EXTRACTS FROM MY DIARY, 1897
Feb. 12th.—Pulled out of bed after I have heard a woman's voice. St. Chrysostom, the misogynist, says: "What is woman? The enemy of friendship, the punishment that cannot be escaped, the necessary evil, the natural temptation, the longed for misery, the fountain of tears which is never dry, the worst masterpiece of creation in white and dazzling array."
"Since the first woman made an agreement with the Devil, why should her daughters not do so likewise? Created as she was from a crooked rib, her whole turn of mind is crooked, and inclined towards evil."
Well said! St. Chrysostom, the Golden mouthed!
Feb. 28th.—The chaffinches warble, the blue glimpses of the sea in the distance invite me, but as soon as I reach after my carpet-bag I am attacked by the invisible powers. Flight is in fact cut off from me. I am imprisoned here. In order to distract my mind I try to work at my book Inferno, but that is not permitted me. As soon as I take up the pen my power of recollection seems to be extinguished. I can remember nothing, or only such events as have no significance.

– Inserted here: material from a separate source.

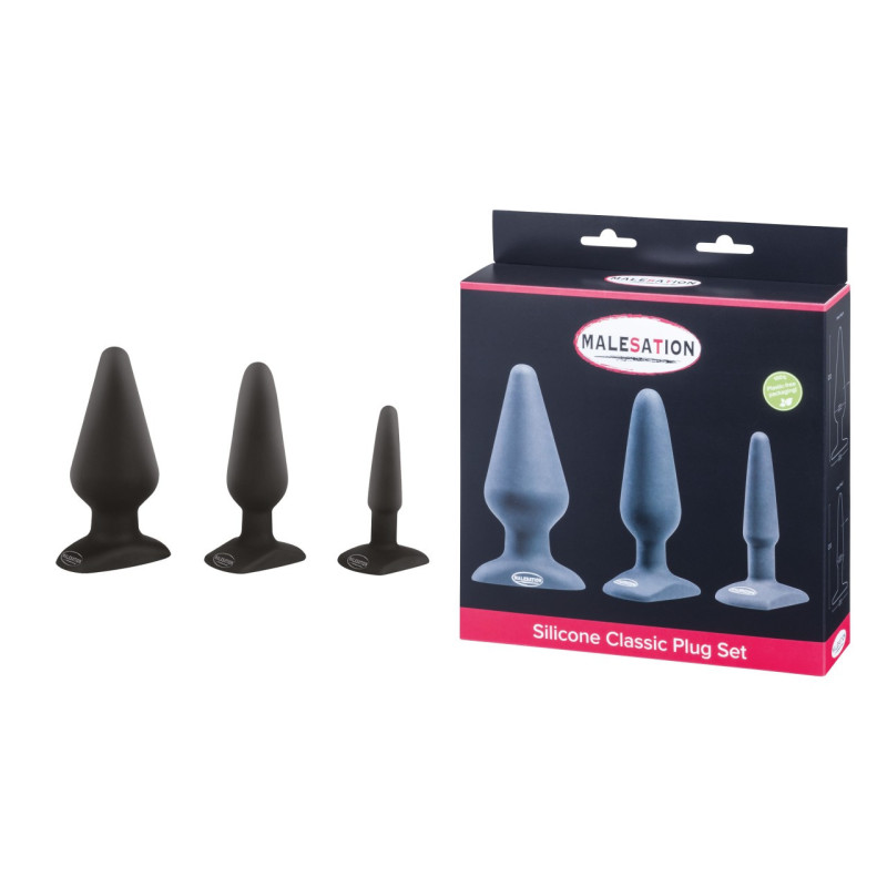 Anal Plug Set comprenant 3 plugs de différentes tailles et une conception ergonomique et très imaginative fabriqué en silicone. Plug L utilisable avec un capsule vibrante (capsule vibrante est non-incluse).

April 2nd.—A German author asks my opinion of Count Bismarck for a paper which is collecting adverse and favourable opinions of the Chancellor. My own was this: "I must admire a man who has understood how to dupe his contemporaries so well as Bismarck. His work was supposed to be the unification of Germany, and yet he has divided the great kingdom in two, with one Emperor in Berlin and another in Vienna."

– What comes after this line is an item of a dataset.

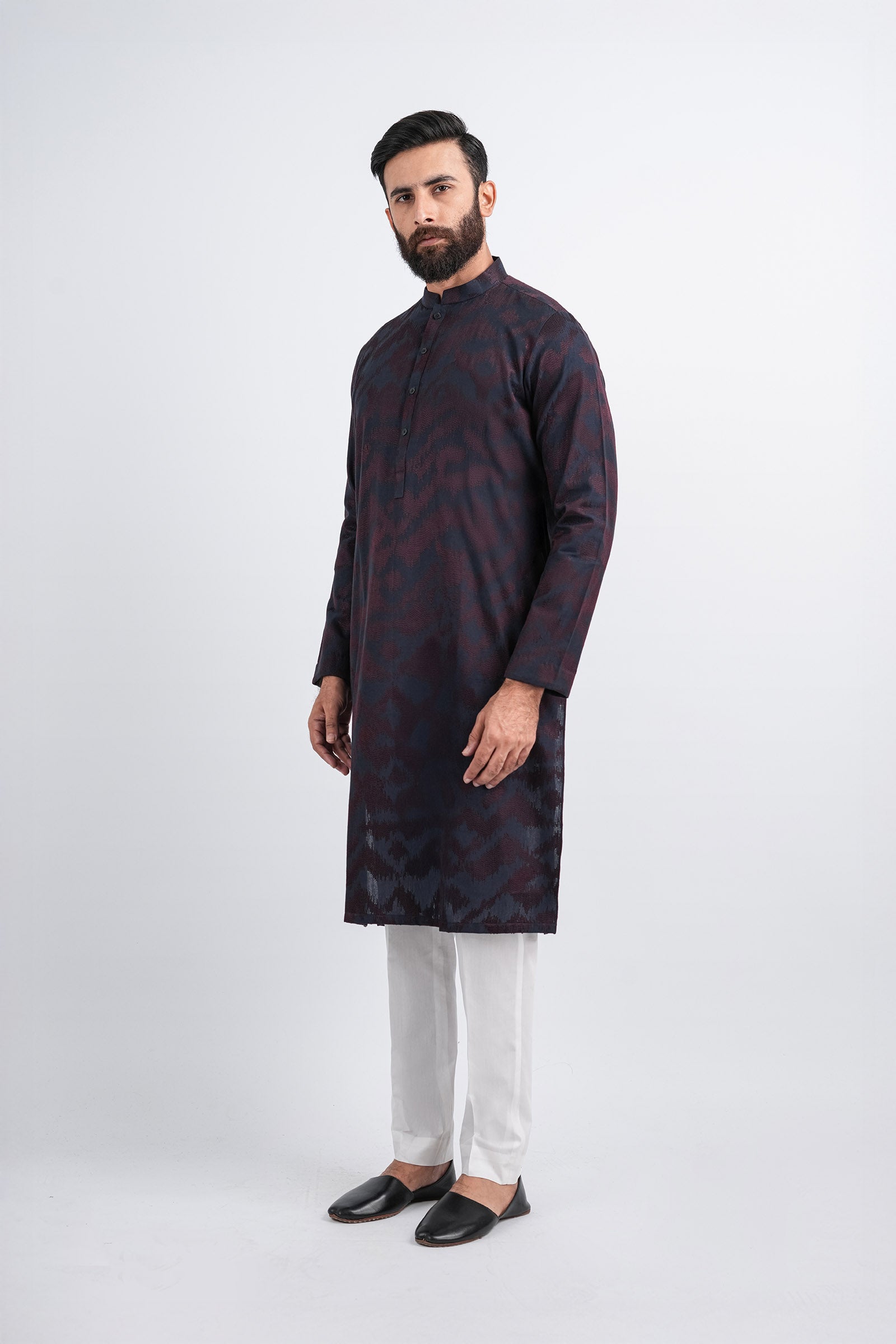 Crafted in a timeless kurta silhouette, this piece is tailored from premium Handloom fabric and beautifully adorned with Ikat-inspired all-over embroidery. Its refined detailing and artisanal texture make it a standout essentialÑeffortlessly versatile and a style statement on its own.

In the evening there is a scent of jasmine blossoms in my room, a gentle feeling of peace take possession of my mind, and this night I sleep quietly (Swedenborg says that the presence of a good spirit or angel is known by a balmy perfume. The theosophists maintain the same, but call angels "Mahatmas").

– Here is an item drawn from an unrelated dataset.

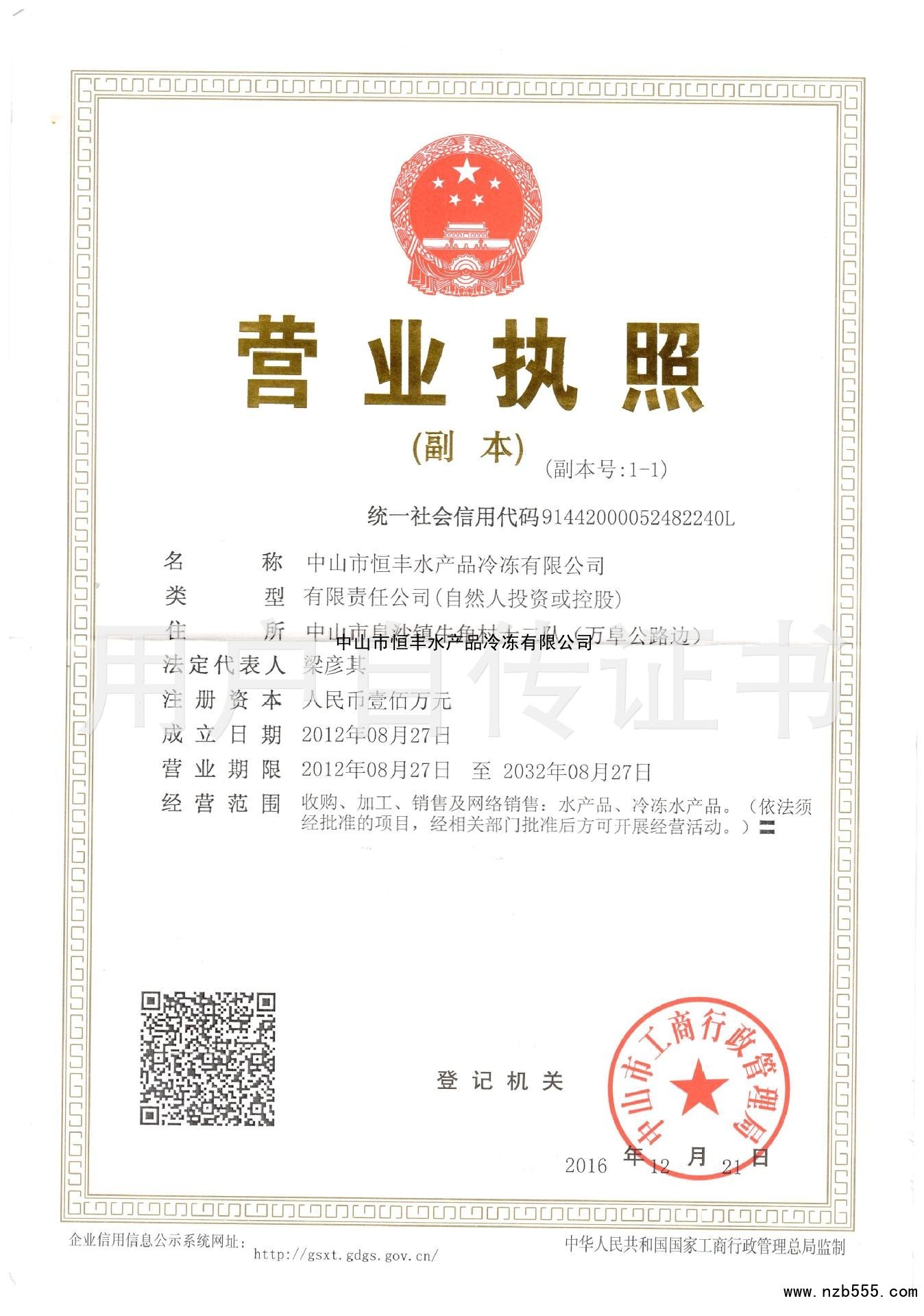 中山市恒豐水產品冷凍有限公司

April 5th.—I hear that a great piece of sculpture by Ebbe, representing a crucified woman, has been broken during its passage to the Stockholm Exhibition. On the other hand, my friend H.'s picture of the crucified woman has been seized for debt, and hung up in a courtyard over the dustbin.
April 10th.—Read a good deal of sorts—Chateaubriand's Mémoires d'outre-tombe; Las Casas' Diary of St. Helena. Who was Napoleon? Of whom was he the re-incarnation?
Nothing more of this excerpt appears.